如何将对象数组从javascript传递到PHP

时间:2022-10-16 12:58:30

If I have, in javascript, something like:

如果我有,在javascript,类似:

entriesObj1 = new Object();
entriesObj1.entryId = "abc";
entriesObj1.mediaType = 2;
entriesObj2 = new Object();
entriesObj2.entryId = "def";
entriesObj2.mediaType = 1;

var entries = new Array();

entries[0] = entriesObj1;
entries[1] = entriesObj2;

What is the best method to pass it to php through an HTTP POST?

通过HTTP POST将其传递给php的最佳方法是什么?

I've tried a jQuery plugin to convert the array to JSON. I've tried to create multiple hidden fields named "entries[]", each one with the JSON string. Somehow, I can't seem to decode my data with PHP's json_decode.

我尝试了一个jQuery插件将数组转换为JSON。我尝试创建多个名为“entries[]”的隐藏字段,每个字段都带有JSON字符串。不知何故,我似乎无法用PHP的json_decode解码我的数据。

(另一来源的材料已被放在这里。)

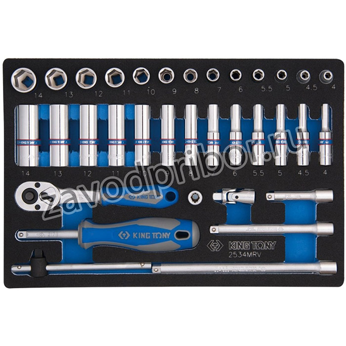 Набор шестигранных торцевых головок с принадлежностями KING TONY 1/4" 4-14 мм, 34 предмета 2534MRV включает в себя как оснастку, так и ручной инструмент.Ложемент из этиленвинилацетата (ЭВА) отличается устойчивостью к деформации и растворителям и оптимально подходит для размещения на инструментальной тележке. Кейс защищает комплект от ударов при транспортировке.

EDIT: I tried changing the JSON plugin used to the one @Michal indicated and the results I get are the same:

编辑:我尝试将JSON插件改为@Michal所示,结果是一样的:

Javascript

Javascript

[
    {"disciplina":"sdfsdfsdfsd","titulo":"sdfsdfsdf","componentes":"Bloco Completo"},
    {"disciplina":"sdfsdfsdfsd","titulo":"sdfsdfsdf","componentes":"Bloco Completo"}    
]

PHP Vardump:

PHP Vardump:

string(756) "
[
    {\"disciplina\":\"sdfsdfsdfsd\",\"titulo\":\"sdfsdfsdf\",\"componentes\":\"Bloco Completo\"},
    {\"disciplina\":\"sdfsdfsdfsd\",\"titulo\":\"sdfsdfsdf\",\"componentes\":\"Bloco Completo\"}
]
"

When I use PHP's json_decode, I get NULL.

当我使用PHP的json_decode时,我得到NULL。

var_dump(json_decode($_REQUEST['entries']));

Output:

输出:

NULL

3 个解决方案

#1


1  

You need to convert JSON to a string (use JSON stringifier (https://github.com/douglascrockford/JSON-js) and POST the string (as a field value) to the PHP script which does json_decode()

您需要将JSON转换为字符串(使用JSON stringifier (https://github.com/douglas douglas crockford/json -js)并将字符串(作为字段值)POST到PHP脚本,该脚本执行json_decode()

#2


1  

Concat it using some characters like _ or %% then pass it to PHP.

使用_或%%等字符进行Concat,然后将其传递给PHP。

In PHP file:

在PHP文件:

$ar = array();
$ar = explode('special_char',string pass from js);
echo "pre";print_r($ar);
echo "/pre";

#3


0  

well, the trouble seemed to be with the quotes that were being passed in the post, so i just replaced the quotes with open strings to my $_REQUEST.

问题似乎在于post中传递的引号,所以我只是将引号替换为open string以满足$_REQUEST。

#1


1  

You need to convert JSON to a string (use JSON stringifier (https://github.com/douglascrockford/JSON-js) and POST the string (as a field value) to the PHP script which does json_decode()

您需要将JSON转换为字符串(使用JSON stringifier (https://github.com/douglas douglas crockford/json -js)并将字符串(作为字段值)POST到PHP脚本,该脚本执行json_decode()

#2


1  

Concat it using some characters like _ or %% then pass it to PHP.

使用_或%%等字符进行Concat,然后将其传递给PHP。

In PHP file:

在PHP文件:

$ar = array();
$ar = explode('special_char',string pass from js);
echo "pre";print_r($ar);
echo "/pre";

#3


0  

well, the trouble seemed to be with the quotes that were being passed in the post, so i just replaced the quotes with open strings to my $_REQUEST.

问题似乎在于post中传递的引号,所以我只是将引号替换为open string以满足$_REQUEST。